Exercise directions:
In the data below, repeat the line containing "從圖5可以看出重建濾波器的作" and every following line exactly, up to and including the last line. Exclude pictures.

Stored items:
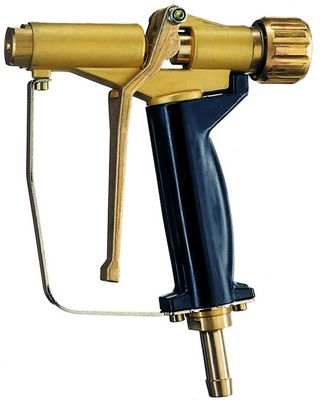 高压清洗枪(黄铜和铝制成,使用寿命长)可连接在工作压力最高到40bar的水泵上。 两种型号:一种是通过手轮进行调节的手动模式,另一种是使用扳手操作开合的安全模式。 旋转调整喷射量,从水柱到扇面,再从扇面到喷雾。
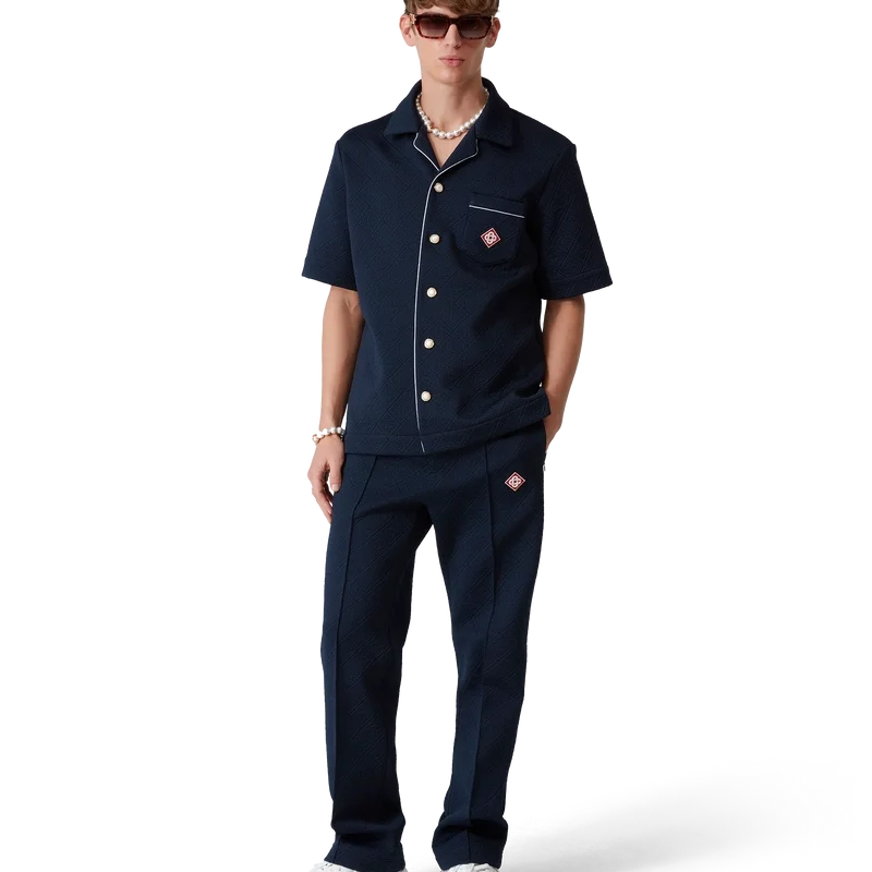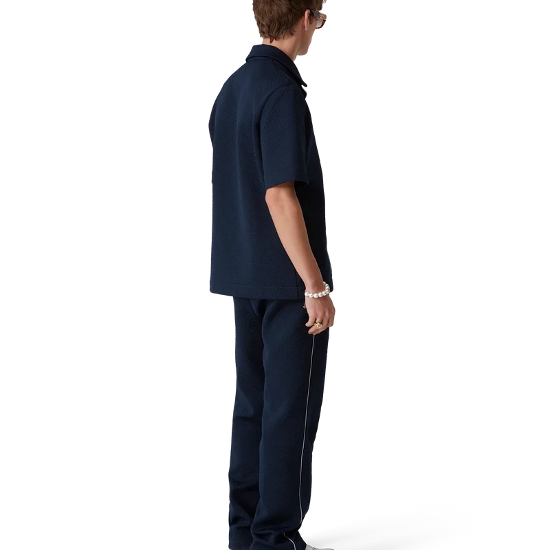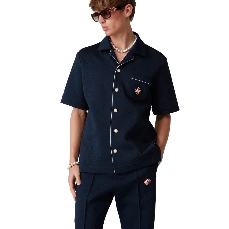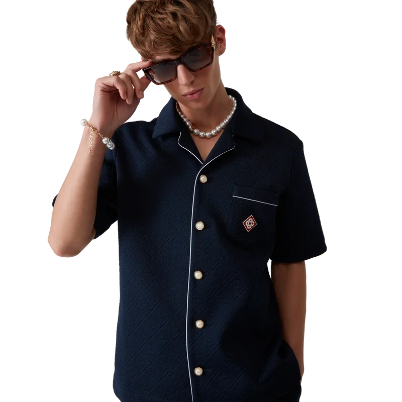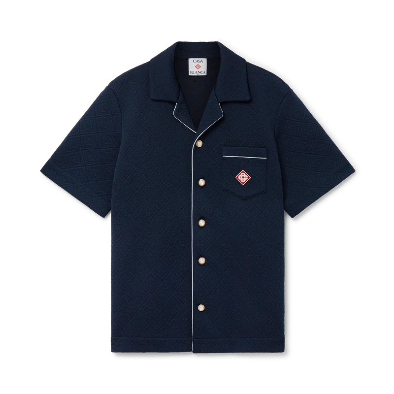 Jacquard-monogramskjortan är en kortärmad modell tillverkad av ett monogramtyg i polyesterblandning. Den har öppen krage, knäppning fram, signaturknappar med guldkant och pärlor, bröstficka, kontrasterande pipingdetaljer på knäppningen och fickan samt ett signaturdiamantlogo.
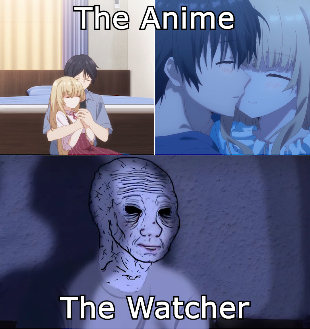 This comparison meme contrasts a sweet anime romantic scene with a lonely watcher using the depressed Wojak character to highlight the viewer's isolation.
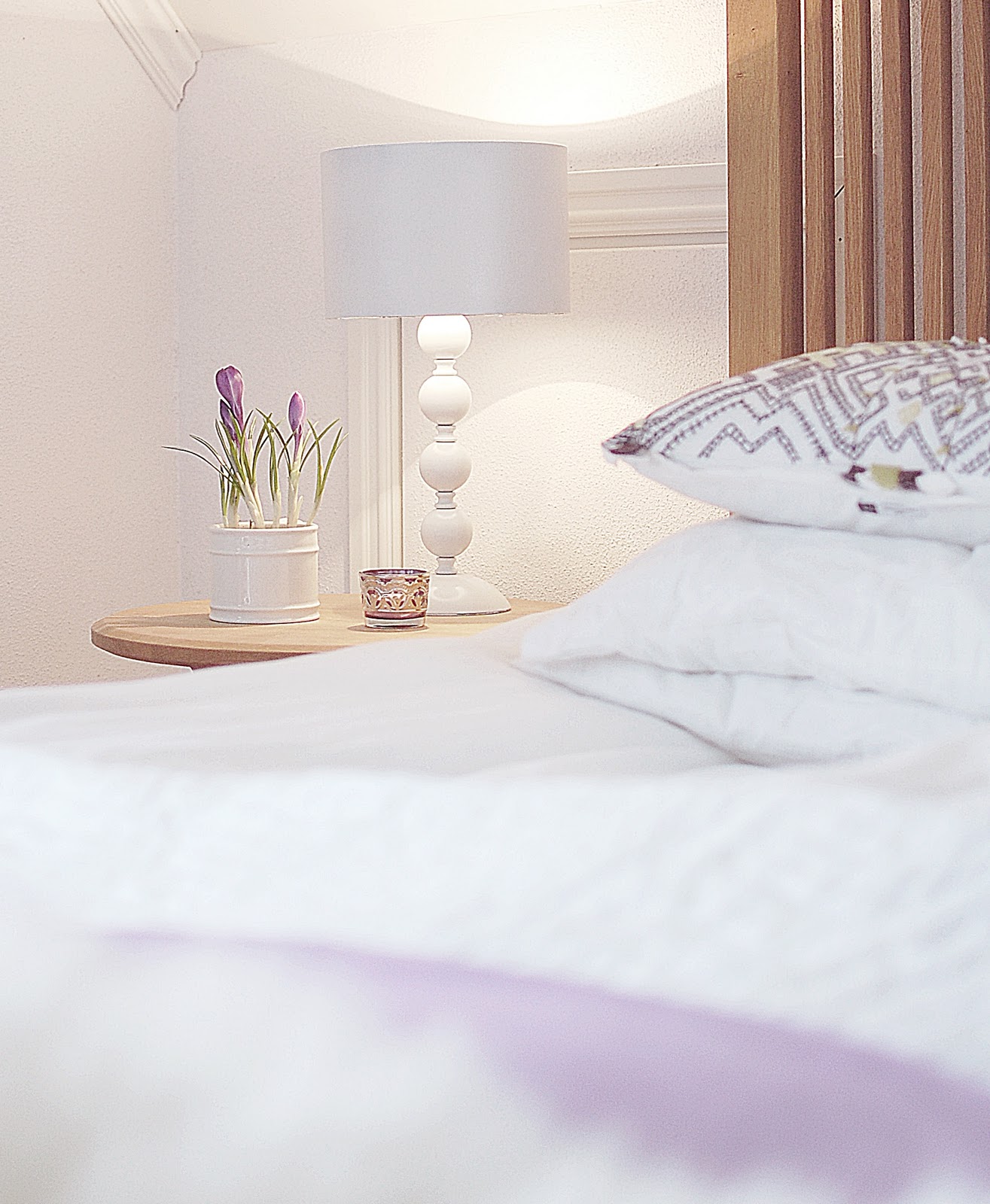Jag har tagit bort allt det svarta hårda och fört in mjuka feminina färger som olika nyanser av lila, lite grått och silver. Det vita överkastet har jag vikt ned så det täcker halva sängen, uppe på det
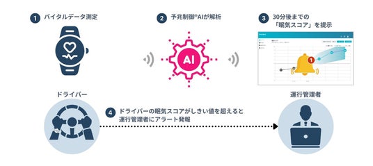 - 予兆制御AIが「30分先まで」の眠気リスクを予測し、運行管理者にスコアで提示
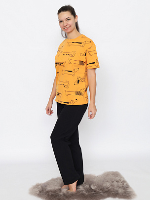 Комбинированная пижама из футболки и брюк. Футболка набивная, небольшого объёма, длиной до линии бёдер, с коротким рукавом. Горловина обработана притачной бейкой из рибаны с лайкрой. Прямые брюки умеренного объёма выполнены из гладкокрашеного полотна. Цельнокроенный пояс обработан плоским швом вподгибку с одновременным прокладыванием резинки.
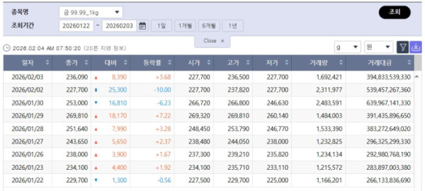 ▲급등한 국제 금값…국내 금시세는? 금값시세, 금시세, 금값 등 관심 (출처=한국거래소)
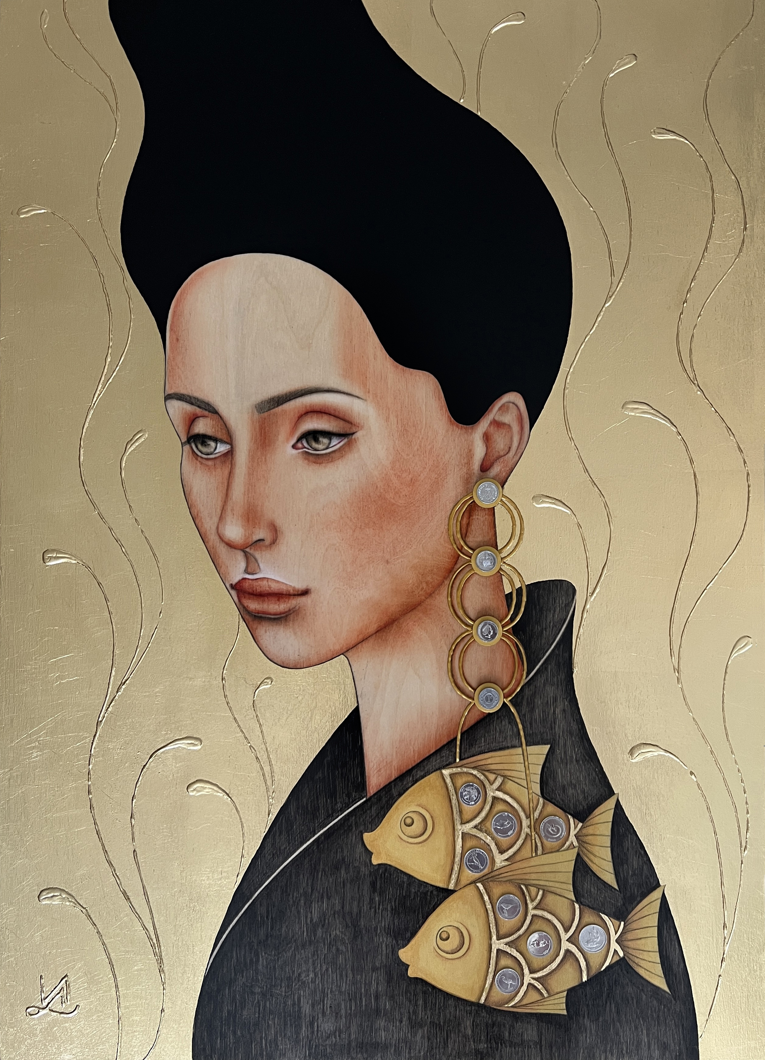 Монеты в моих картинах — не просто украшения. Это обереги. Символы сбережения, силы, достатка, защиты. Они вплетены в портреты так же, как в древности нашивались на головные уборы и одежду: не только ради красоты, но и ради силы. В каждой героине — голос прошлого и дыхание настоящего. Их образы — это художественный диалог между традицией и личным видением, между архетипом и современностью.
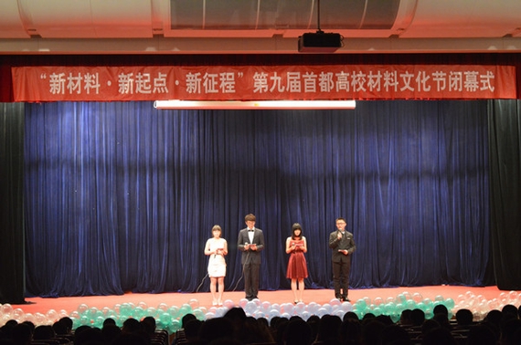 闭幕式上,各学校同学带来了精彩纷呈的才艺表演,火辣奔放的开场舞将现场气氛瞬间带入高潮;来自清华大学同学的琵琶独奏让现场观众如痴如醉,曲声时快时慢,忽而急促忽而平稳,技艺十分高超;来自我校同学的手语舞蹈《星语心愿》美轮美奂,一位位身着白色长裙的女同学舞动着,犹如一位位天使翩翩起舞;北京理工大学同学为大家带来了精彩的魔术,普通的纸牌似乎有了灵性,完全听从了魔术师的指挥,让现场的观众见证了奇迹时刻;来自我校的二胡独奏《青花瓷》精彩绝伦,同时还有两位才女分别写一幅字和剪纸,身着复古长裙女生游龙戏凤的笔法和穹劲有力的“六秩材苑有栋梁,万千学子谢师恩”赢得了阵阵掌声;来自北京工业大学同学的改版《青花瓷》歌词贴切材苑科研与生活,唱出了材料人的心声;来自北京科技大学的同学为大家带来了欢快的交际舞蹈,三对男女舞者用灵动的舞步与身形深深吸引了现场的观众;来自北京化工大学的学子带来了一场美丽的舞蹈,美不胜收;来自北京工业大学的男生独唱给大家带来了很多欢乐,声音如同天籁,响彻整个大厅。
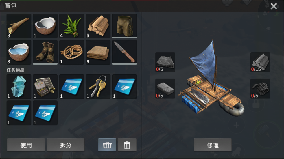 小船需要修理才可正常使用。修理零件可通过采集和生产获得。
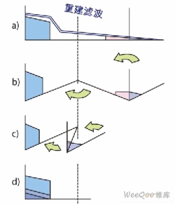 從圖5可以看出重建濾波器的作用,利用參考書(shū)中提供的定理可以很容易理解頻譜混疊。通常,在頻域,頻率和放大倍數(shù)都采用對(duì)數(shù)刻度,重建濾波器的頻響特性表現(xiàn)為平滑曲線。然而,為了說(shuō)明邊帶重疊的位置,我們用線性坐標(biāo)表示頻率和放大倍數(shù)。為了表示低通濾波器在同樣刻度坐標(biāo)下的衰減特性,從濾波器頻響曲線可以看出:對(duì)于有用的視頻信號(hào)衰減很少,對(duì)于鏡像頻率衰減較大。圖5b和5c顯示了混疊效應(yīng),但是應(yīng)該注意到,與圖3d相比,圖5d中的鏡像頻率被顯著衰減。
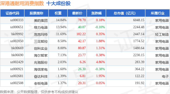 深港通耐用消费(983049)指数十大成份股详情如下:
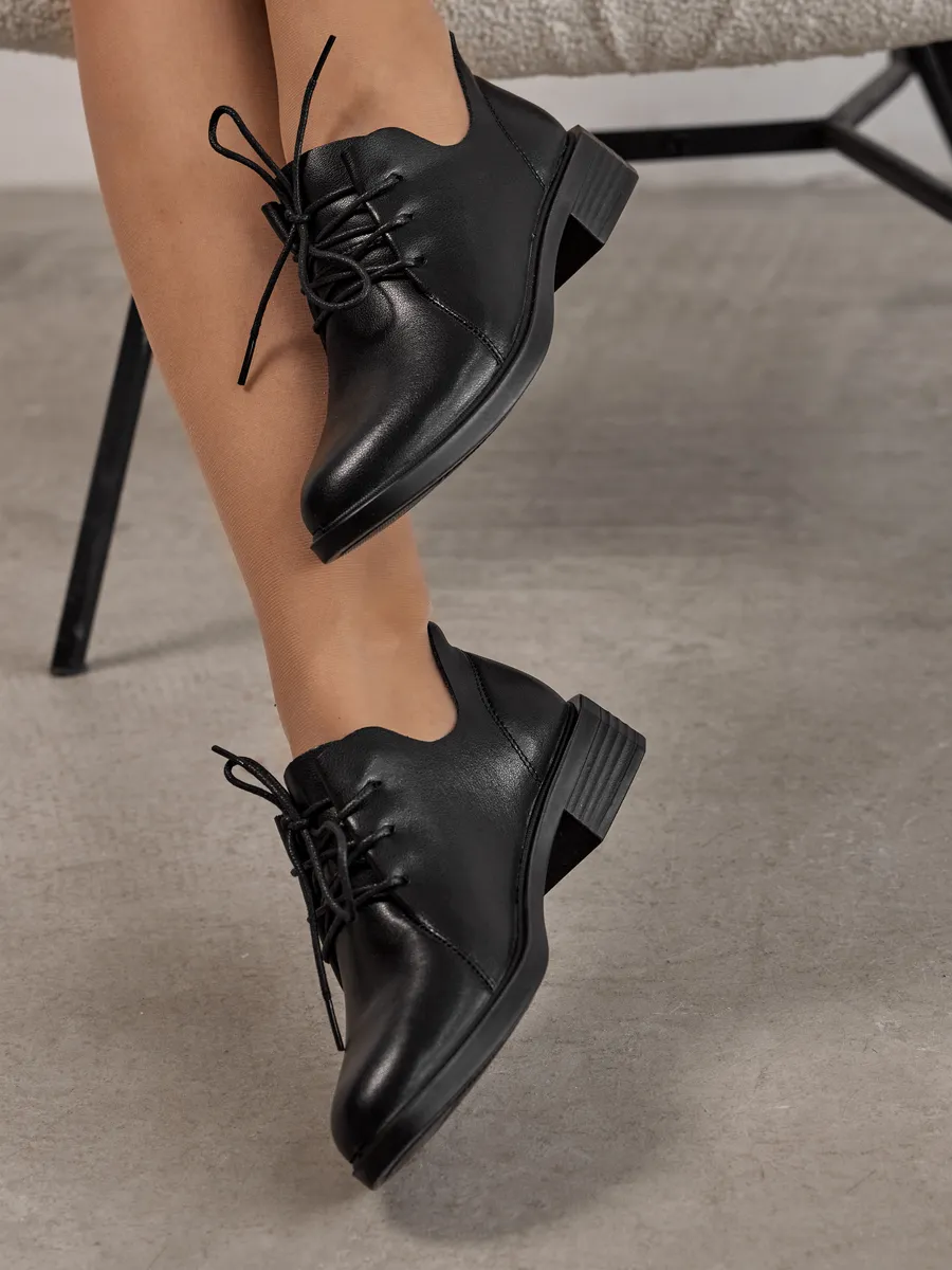 Эти женские туфли из натуральной кожи станут незаменимой частью вашего гардероба, обеспечивая элегантность, комфорт и универсальность для любого сезона. Выполненные в классическом чёрном цвете, они идеально подходят для весны, осени 2025 года. Благодаря сочетанию практичного дизайна и высококачественных материалов, эти туфли легко впишутся в любой образ, будь то деловой, повседневный или праздничный.
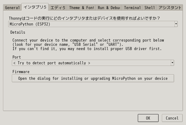 Thonny の「ツール」メニューから、「Options」を選択して、「インタプリタ」タブを選択する。 まずは以下の設定を行う。
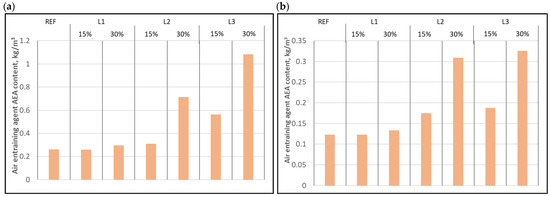Air content in the concrete mix for aerated concrete was set as 6% ± 1%, and the amount of air-entraining admixture (AEA) necessary to obtain it is shown in Figure 2.
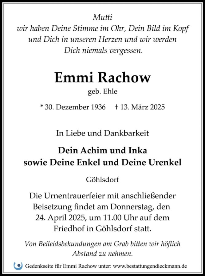 Emmi Rachowgestorben am 13. März 2025
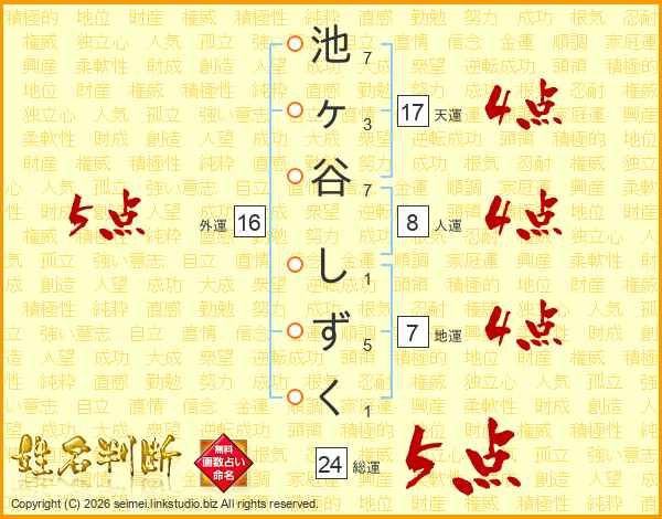 池ヶ谷しずくさんの天運は17画の4点!

Final answer:
 從圖5可以看出重建濾波器的作用,利用參考書(shū)中提供的定理可以很容易理解頻譜混疊。通常,在頻域,頻率和放大倍數(shù)都采用對(duì)數(shù)刻度,重建濾波器的頻響特性表現(xiàn)為平滑曲線。然而,為了說(shuō)明邊帶重疊的位置,我們用線性坐標(biāo)表示頻率和放大倍數(shù)。為了表示低通濾波器在同樣刻度坐標(biāo)下的衰減特性,從濾波器頻響曲線可以看出:對(duì)于有用的視頻信號(hào)衰減很少,對(duì)于鏡像頻率衰減較大。圖5b和5c顯示了混疊效應(yīng),但是應(yīng)該注意到,與圖3d相比,圖5d中的鏡像頻率被顯著衰減。
 深港通耐用消费(983049)指数十大成份股详情如下:
 Эти женские туфли из натуральной кожи станут незаменимой частью вашего гардероба, обеспечивая элегантность, комфорт и универсальность для любого сезона. Выполненные в классическом чёрном цвете, они идеально подходят для весны, осени 2025 года. Благодаря сочетанию практичного дизайна и высококачественных материалов, эти туфли легко впишутся в любой образ, будь то деловой, повседневный или праздничный.
 Thonny の「ツール」メニューから、「Options」を選択して、「インタプリタ」タブを選択する。 まずは以下の設定を行う。
Air content in the concrete mix for aerated concrete was set as 6% ± 1%, and the amount of air-entraining admixture (AEA) necessary to obtain it is shown in Figure 2.
 Emmi Rachowgestorben am 13. März 2025
 池ヶ谷しずくさんの天運は17画の4点!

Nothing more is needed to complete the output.